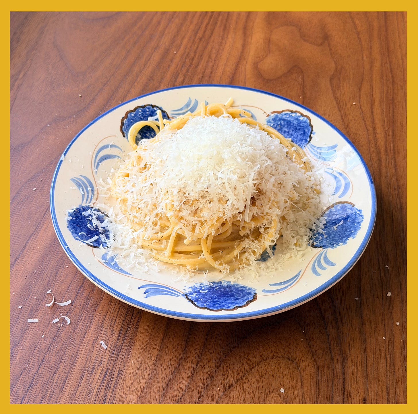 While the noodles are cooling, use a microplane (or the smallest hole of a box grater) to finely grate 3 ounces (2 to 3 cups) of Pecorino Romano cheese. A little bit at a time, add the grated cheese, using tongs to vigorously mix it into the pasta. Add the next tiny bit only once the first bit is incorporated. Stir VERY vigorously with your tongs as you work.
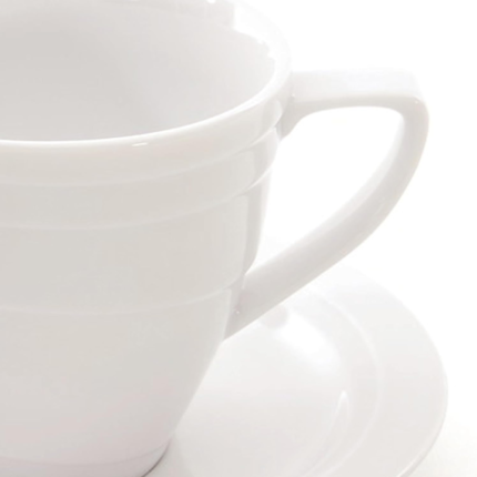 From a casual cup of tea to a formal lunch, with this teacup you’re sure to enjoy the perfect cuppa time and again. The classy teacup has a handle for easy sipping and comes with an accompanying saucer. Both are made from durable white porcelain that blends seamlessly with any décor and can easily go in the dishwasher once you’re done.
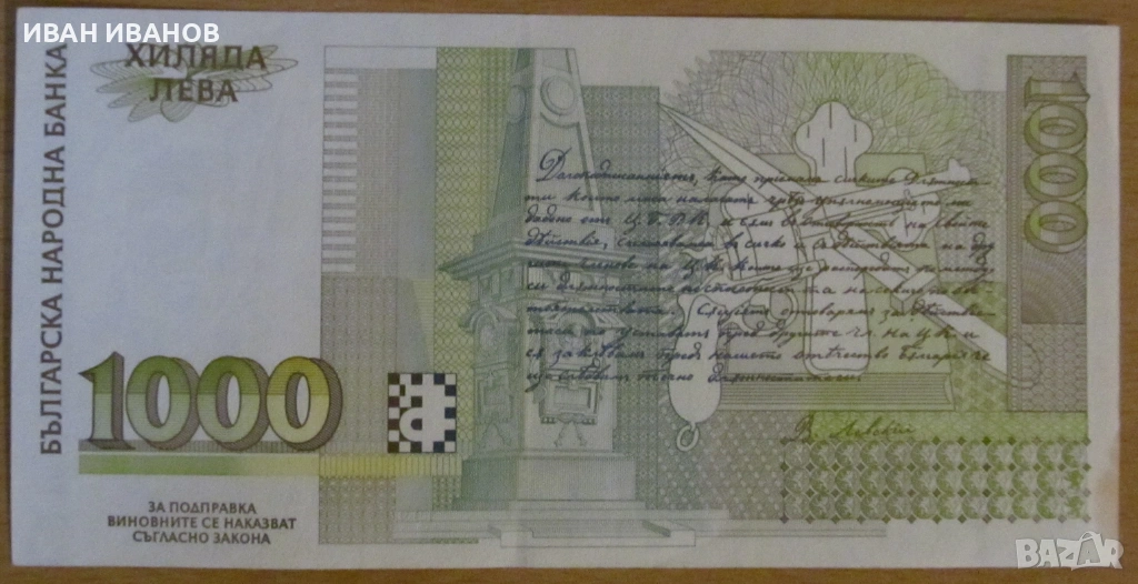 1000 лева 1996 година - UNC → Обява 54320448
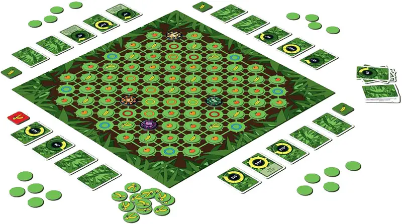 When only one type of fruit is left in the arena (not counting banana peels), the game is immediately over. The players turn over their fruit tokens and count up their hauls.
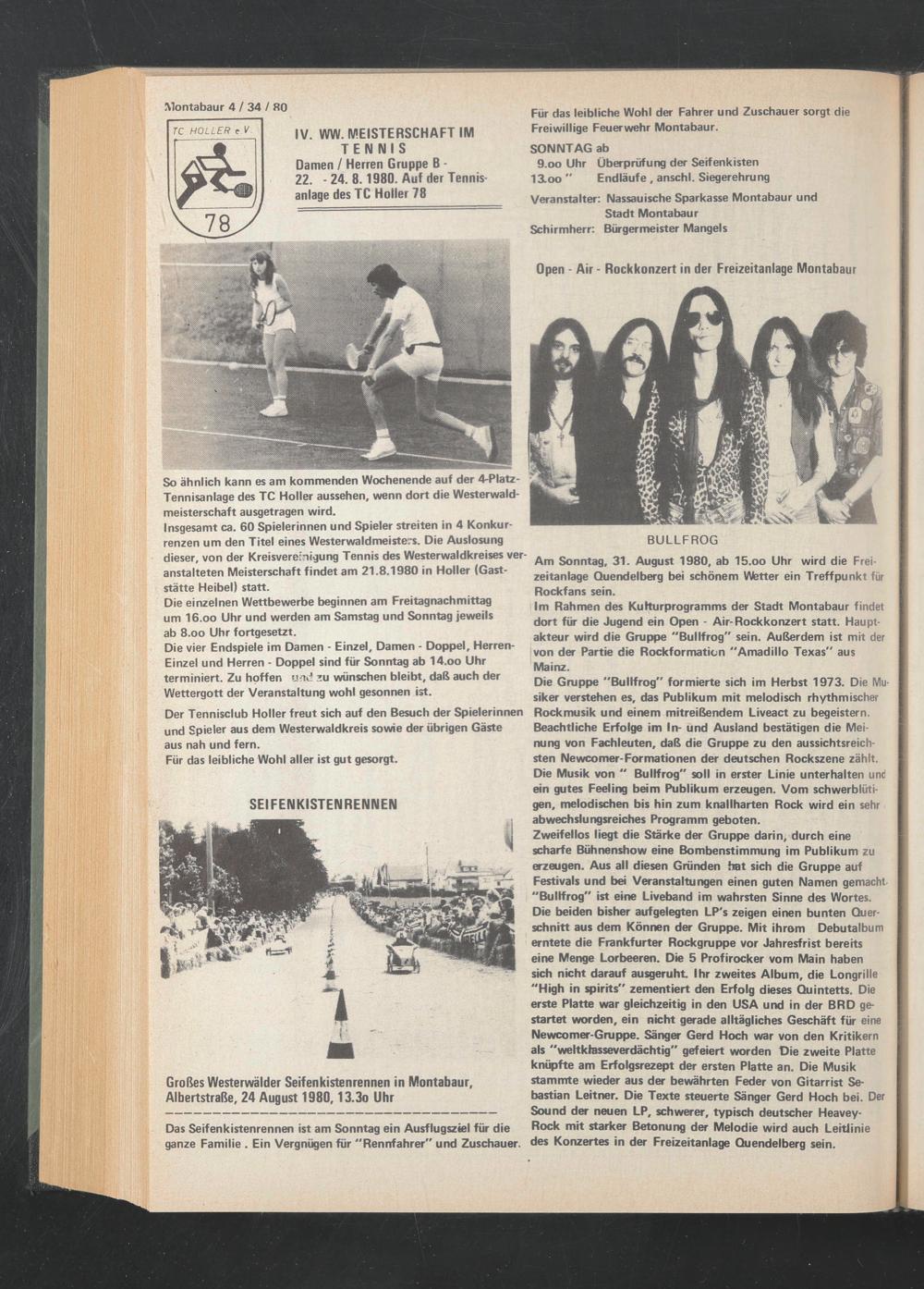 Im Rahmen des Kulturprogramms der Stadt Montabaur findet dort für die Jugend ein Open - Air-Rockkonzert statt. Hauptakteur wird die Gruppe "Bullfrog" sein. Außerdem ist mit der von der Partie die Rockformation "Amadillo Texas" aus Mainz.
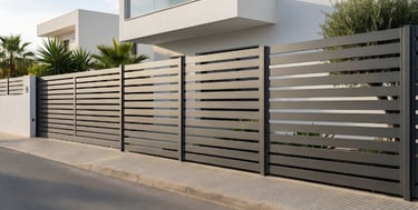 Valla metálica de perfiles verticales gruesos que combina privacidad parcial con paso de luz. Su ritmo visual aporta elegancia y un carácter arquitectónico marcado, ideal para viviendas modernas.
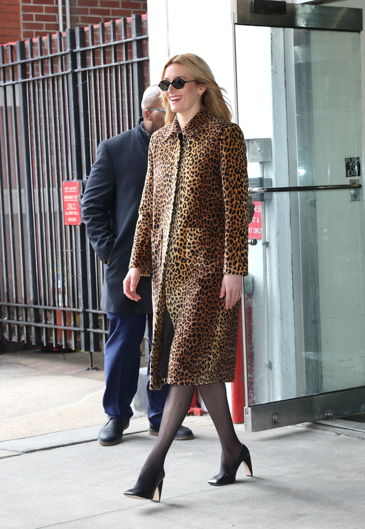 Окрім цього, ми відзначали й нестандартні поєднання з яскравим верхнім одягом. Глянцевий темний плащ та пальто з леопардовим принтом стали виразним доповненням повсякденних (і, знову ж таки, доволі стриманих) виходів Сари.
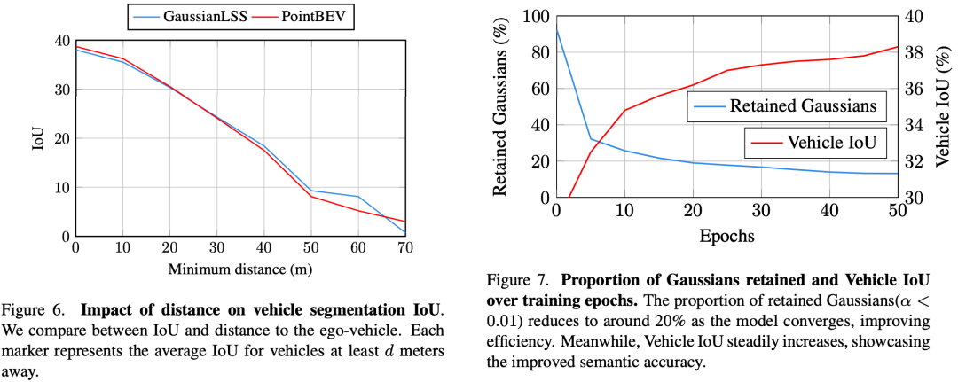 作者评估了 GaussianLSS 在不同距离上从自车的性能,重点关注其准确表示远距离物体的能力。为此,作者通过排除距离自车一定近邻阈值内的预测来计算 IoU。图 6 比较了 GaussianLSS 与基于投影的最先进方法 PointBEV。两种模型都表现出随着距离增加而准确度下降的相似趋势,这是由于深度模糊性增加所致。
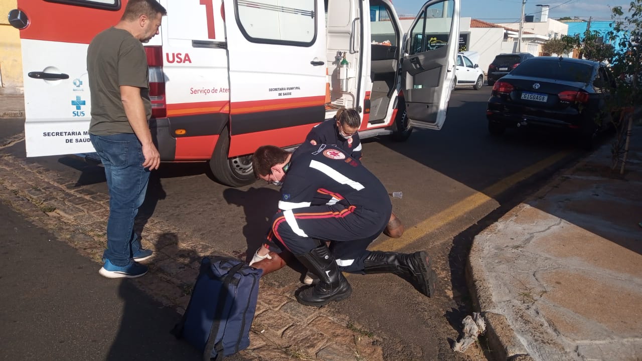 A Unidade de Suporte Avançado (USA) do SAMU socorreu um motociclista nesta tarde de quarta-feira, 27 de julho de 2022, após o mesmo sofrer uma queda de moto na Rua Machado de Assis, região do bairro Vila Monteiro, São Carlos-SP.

···

Description of the task =>
Only the pictures stay out; the rest of the entries above must be written out exactly.

Task answer =>
 While the noodles are cooling, use a microplane (or the smallest hole of a box grater) to finely grate 3 ounces (2 to 3 cups) of Pecorino Romano cheese. A little bit at a time, add the grated cheese, using tongs to vigorously mix it into the pasta. Add the next tiny bit only once the first bit is incorporated. Stir VERY vigorously with your tongs as you work.
 From a casual cup of tea to a formal lunch, with this teacup you’re sure to enjoy the perfect cuppa time and again. The classy teacup has a handle for easy sipping and comes with an accompanying saucer. Both are made from durable white porcelain that blends seamlessly with any décor and can easily go in the dishwasher once you’re done.
 1000 лева 1996 година - UNC → Обява 54320448
 When only one type of fruit is left in the arena (not counting banana peels), the game is immediately over. The players turn over their fruit tokens and count up their hauls.
 Im Rahmen des Kulturprogramms der Stadt Montabaur findet dort für die Jugend ein Open - Air-Rockkonzert statt. Hauptakteur wird die Gruppe "Bullfrog" sein. Außerdem ist mit der von der Partie die Rockformation "Amadillo Texas" aus Mainz.
 Valla metálica de perfiles verticales gruesos que combina privacidad parcial con paso de luz. Su ritmo visual aporta elegancia y un carácter arquitectónico marcado, ideal para viviendas modernas.
 Окрім цього, ми відзначали й нестандартні поєднання з яскравим верхнім одягом. Глянцевий темний плащ та пальто з леопардовим принтом стали виразним доповненням повсякденних (і, знову ж таки, доволі стриманих) виходів Сари.
 作者评估了 GaussianLSS 在不同距离上从自车的性能,重点关注其准确表示远距离物体的能力。为此,作者通过排除距离自车一定近邻阈值内的预测来计算 IoU。图 6 比较了 GaussianLSS 与基于投影的最先进方法 PointBEV。两种模型都表现出随着距离增加而准确度下降的相似趋势,这是由于深度模糊性增加所致。
 A Unidade de Suporte Avançado (USA) do SAMU socorreu um motociclista nesta tarde de quarta-feira, 27 de julho de 2022, após o mesmo sofrer uma queda de moto na Rua Machado de Assis, região do bairro Vila Monteiro, São Carlos-SP.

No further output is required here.